Search code examples
pythonpython-3.xnlptext-classification

Identifying Grammatically Correct Nonsense Sentences


I have two files file1.csv and file2.csv. file1.csv contains a stupid sentence in each row. file2.csv identify which column it is (type0 corresponding to 0, type1 corresponding to 1). I want to do a NLP classification task and I know usually how to do it. But in this situation I am bit confused and do not know how to arrange and organize my dataset, so that I can train my sentences and labels. Appreciate if someone give me a hint to progress.

file1.csv in the following format,

id,type0,type1
0,He married to a dinosaur.,He married to a women.
1,She drinks a beer.,She drinks a banana.
2,He lifted a 500 tons.,He lifted a 50kg.

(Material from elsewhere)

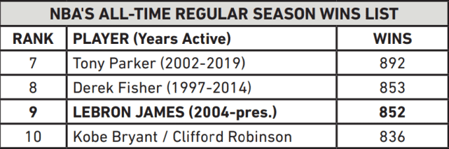 生涯至今,詹姆斯常规赛已经获胜852场,在NBA历史上排名第9位。只要他能帮助湖人战胜骑士,个人的常规赛获胜场数将升至第8位,追平费舍尔(853胜)。他的下一个追赶目标将是马刺名宿托尼-帕克(892胜)。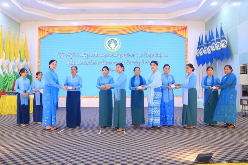 ဆက်လက်ပြီး တာဝန်ရှိသူများက အဖွဲ့ဝင်သစ်များအား အဖွဲ့ဝင်ကတ်နှင့်ရင်ထိုးတံဆိပ်များတပ်ဆင်ပေးခြင်း၊ ရပ်ကွက်/ကျေးရွာများနှင့် စီမံချက်ကျေးရွာများသို့ အဖွဲ့ဝင်ဝတ်စုံများပေးအပ်ခြင်း၊ ကရင်ပြည်နယ်အမျိုးသမီးရေးရာအဖွဲ့သို့ အလှူရှင်များမှ အလှူငွေပေးအပ်ခြင်းနှင့် ဂုဏ်ပြုမှတ်တမ်းလွှာ ပြန်လည်ပေးအပ်ခဲ့ကြသည်။

file2.csv in the following format.

id,stupid
0,0
1,1
2,0

My purpose is to classify the stupid sentences.


Solution

  • Assuming that, 100% of the time, there will be a sentence that is semantically correct, and another that isn't, you can just split the type0 and type1 sentences into 2 different examples and classify them individually, e.g.:

    id,type0,type1
    0,He married to a dinosaur.,He married to a women.
    1,She drinks a beer.,She drinks a banana.
    2,He lifted a 500 tons.,He lifted a 50kg.
    

    Becomes:

    id,sentence
    0,He married to a dinosaur
    1,He married to a women.
    2,She drinks a beer.
    3,She drinks a banana.
    4,He lifted a 500 tons.
    5,He lifted a 50kg.
    

    However, this won't work if your data contains records where a sentence is slightly less stupid than the other, i.e. there's the actual need to compare both sentences.